Fig. 5. — Origin of *BMP7* regulatory sequences. (A) In human adult brain, the *BMP7* gene interacted with distal *cis*-regulatory elements via loops detected by Hi-C data (Wang et al. 2018). The regions that interact with the gene promoter (filled in gray) are highlighted in green. The coordinates (reference genome: hg19) of two human specifically activated promoters or enhancers around the *BMP7* gene are shown below. (B, C) Conservation of the two regulatory elements surrounding the *BMP7* gene (B, hg19 coordinates: chr20: 55659000-55659500; C, hg19 coordinates: chr20: 55818275-55818595) in Simiiformes, Strepsirrhini, and outgroups. The x-axis is the sequence position inside the two regulatory elements, whereas the y-axis is the product of base coverage and base alignment similarity. Below are representative E11.5 transgenic embryos obtained for two regulatory elements. The brain regions in each embryo were indicated by arrows. Each construct shows at least three embryos resulting from independent transgene integration events.

Conclusions

In this study, our systematic comparative analyses of genomics, transcriptomics, and epigenomics yielded a comprehensive lexicon of genetic elements including rapidly evolving conserved noncoding elements and primate-specific regulatory sequences that have potential functions related to brain evolution in each ancestral primate lineage leading to human. This list of genetic elements is a very promising starting point for future functional studies that could deepen our understanding of the genetic basis of human brain evolution, with important implications for our comprehension of neurological and neuropsychiatric diseases. In particular, our study unveils the functions of the BMP7 gene in neuronal proliferation, which could have played a role in the expansion of the primate brain. In addition, we note that these innovatory genetic elements occurred frequently at the node of the Simiiformes ancestor, a finding that was previously unappreciated and which is supportive of brain expansion being a continuing evolutionary trend that has operated from the time of the earliest primates, rather than simply occurring in the human lineage. As such, we envisage that future investigations should focus on the ancestral primate lineages, as a means to potentiate the detailed reconstruction of the molecular alterations that triggered primate brain evolution.

Materials and Methods

Data Description

Primate brain evolution has been characterized by different primate species undergoing distinct changes on multiple levels. It was therefore necessary to analyze multiple brains from primate species representing major lineages at multiple levels to allow the identification of regulatory/expression changes in the primate brain. This study integrated comparative genomic, transcriptomic, and epigenomic analyses of primates, utilizing huge amounts of genomic, transcriptomic, single-cell transcriptomic, and epigenomic data.
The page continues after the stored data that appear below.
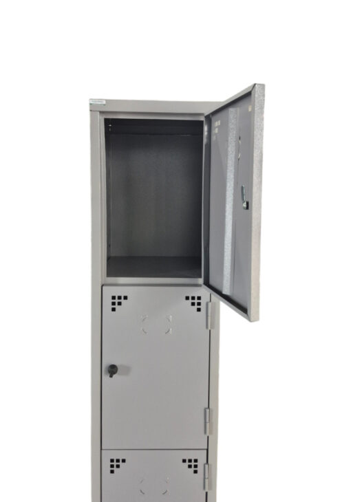 Roupeiro de aço fabricado em chapa de aço carbono 0,45 mm. Sua estrutura é composta de gabinete em chapa de aço carbono 0,45 mm, 01 par de dobradiças metálicas fabricadas em chapa de aço carbono 0,90 mm com vergalhão 4,2 mm embutido na estrutura da dobradiça e porta com estrutura metálica em chapa 0,90 para fechamento com cadeado (pitão). Possui 04 (quatro) portas de 46 x 29,5 cm fabricadas em chapa de aço carbono, com perfilhamento em “U” em suas extremidades, 01 par de arejadores estampados na porta, na lateral esquerda da porta, dispostos no topo superior e inferior da mesma e 01 porta-cartão estampado em sua estrutura metálica, para identificação. Roupeiro com tratamento de superfície metálica fosfatizado com zinco e pintura eletrostática pó cor cinza texturizada, com alta resistência a umidade e intempéries. Possui ainda 04 (quatro) pés em sapata niveladora de 2×1/2’’, com altura regulável, para adequação ao nivelamento do piso. Cada divisão do roupeiro possui cubagem de 54.280 cm³, com espaço para capacete. Dimensões de 195x35x40 cm (Alt x Comp x Prof). Garantia de 12 meses.
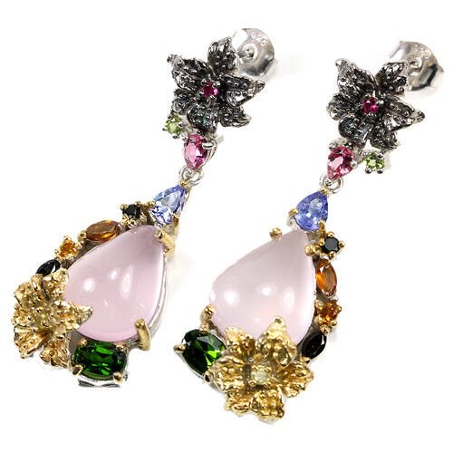 Orecchini diopside russo tormalina tanzanite quarzo rosa
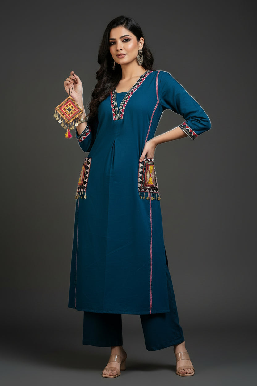 Enhance your wardrobe with this elegant 2-piece "A Dreamy Evening Cotton Kurti Set outfit. The charming fabric, intricate embroidery work and lightweight - all these features make it a must-have for any fashion enthusiast. Also, bright tone is perfect for any auspicious occasion.
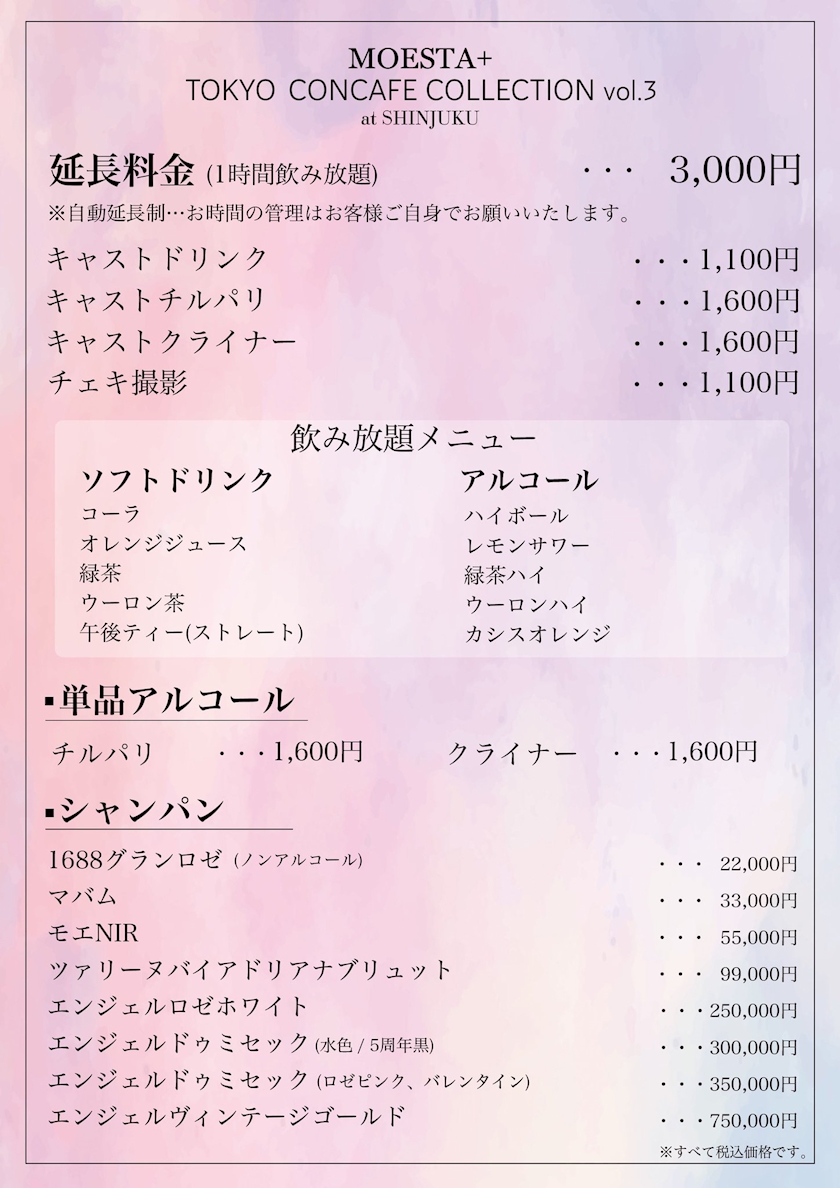 チェキ、シャンパンなどのご注文が

Although most data were generated by our laboratory, other data were obtained from previously published sources, as detailed below.

Genomes

Fifty primate genomes have been described and analyzed in detail in the accompanying paper (Shao et al. 2023). In this study, we utilized a list of RECNEs from major ancestral lineages leading to human (including H. sapiens, Hominini, Homininae, Hominidae, Hominoidea, Catarrhini, Simiiformes, and Haplorrhini) from our accompanying paper (Shao et al. 2023) to perform integrative analyses with transcriptomes and epigenomes. We annotated the nearest gene surrounding each RECNE within 500 kb by using the reference annotation of human genome (H. sapiens, hg38, Ensembl v100).

Transcriptomes

We used abundant brain and nonbrain transcriptomes of adult individuals from human, rhesus macaque, and tree shrew for identifying PSBEGs (supplementary tables S13–S15, Supplementary Material online). More specifically, 24 brain and 36 nonbrain transcriptomes from human were randomly selected from the GTEx project data (release V8) (Aguet et al. 2020). Simultaneously, 24 brain transcriptomes from rhesus macaques were randomly selected from the data set previously published by our laboratory (Li et al. 2019), and 32 nonbrain transcriptomes from the same individuals that provided brain tissues were newly generated. Moreover, we generated 24 brain and 28 nonbrain transcriptomes from three tree shrews specifically for this study.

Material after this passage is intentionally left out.